Jon's eyes sunk to the bag held aloft, the faintest shape of a cylindrical container visible through the plastic. His stomach rumbled for a moment, appreciatively, and he huffed softly to mask that particular eagerness. “And _you_ brought it because…?”

“Because he wanted to come, anyway,” Tim said, “and wouldn't take no for an answer. So we split a cab. Sasha sent the soup, but there was no need for all of us to come. There wasn't even a need for _two_ of us… not that it isn't great to see you, as always, Jon, you know.”

Now he couldn't help but roll his eyes. “Yes.” He was going to have to haul himself back off the sofa if he were going to heat that soup up, and frankly it sounded good enough to go ahead and try. And maybe it would ease some of their worry if he was clearly capable himself…

He'd barely sat up before Martin was fussing over him again. “What are you doing?”

“The soup _is_ for eating, yes?” Martin's hand was on his shoulder, keeping him in place, and he had to resist from shaking it off. “I'm not really keen on it cold, Martin.”

“Don’t be stupid, I’ll heat it up. Where’s your microwave?”

“Martin, really–”

But he’d already gone, mostly, and there was no hope of catching up to him in this state. So, perhaps devastatingly… he let him go.

“You won’t get rid of him now,” Tim remarked, and looked far too amused in the half light cast by the singular lit lamp in the room.

 _That’s very much what I’m afraid of._ “You could take him with you, you know,” he half mouthed.

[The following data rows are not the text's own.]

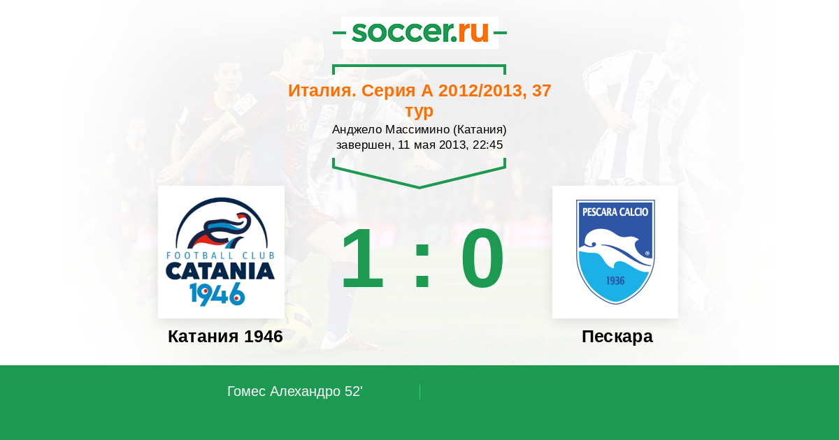 Протокол матча Катания 1946 против Пескара
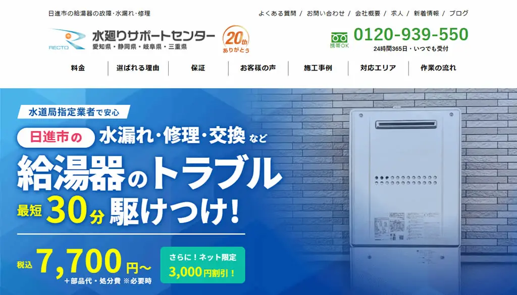 24時間365日年中無休で、名古屋市や豊田市、岡崎市など一部エリアは最短即日対応です。早朝や夜間の給湯器トラブルにも対応してもらえるので心強いです。
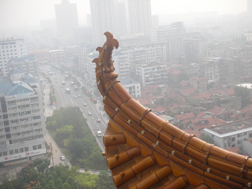 (黄鶴楼の天守閣から見た武漢市内。黄鶴楼は何度も戦災などで建て直されています。この日は霧が出ていました。.)
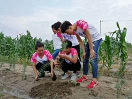 在陈社长的带领下,实践团师生来到苦参、苍术、白鲜皮、黄精等药材的种植基地,陈社长介绍了这些中草药的生长习性、药用价值、亩产量、种植的合作化情况以及销售情况。同学们认真听,用心记,还不时结合自己所学的药学知识向陈社长提问,并与他进行亲切交流和热烈互动。在种植基地现场,陈社长还让同学们实地挖出一颗白鲜皮药材,讲解这种药材的种植生长情况。同学们感到理实结合,受益匪浅。

Tim turned his head towards the kitchen. “Martin, I’ve got an appointment. If you’re splitting with me again, we gotta go.”

“I’ll stay.”

The final nail in the coffin. Jon couldn’t withhold another muffled noise of discontent.

“Are you _really_ gonna stay here and pester Jon all evening?”

“I’m not _pestering_ him,” Martin retorted, sounding vehement if not busy _going through the cupboards._ “I’m heating up soup.”

“Oh, you might as well make him another cup of tea while you’re at it.”

“Oh, good idea.”

Jon shot Tim a withering look. Weren’t they meant to be _supporting_ him in his time of need? He supposed they were, in a… way. Still.

“As much as I’d love to say I’d like to stay and see how this works out, I really don’t.” Tim held up his hands. “So I’m gonna go. See you both tomorrow, or well, you, at least, Martin,” he said, raising his voice. “Take good care of him.” Then, looking back at Jon, “try not to strangle each other, will you? He’s just trying to help.”

 _I’m going to strangle you,_ he wanted to say, but those were too many words and the _effort…_ it sounded astounding. And, anyway, strangling Tim probably _wouldn’t_ make him feel any better at the moment, anyway. Maybe tomorrow.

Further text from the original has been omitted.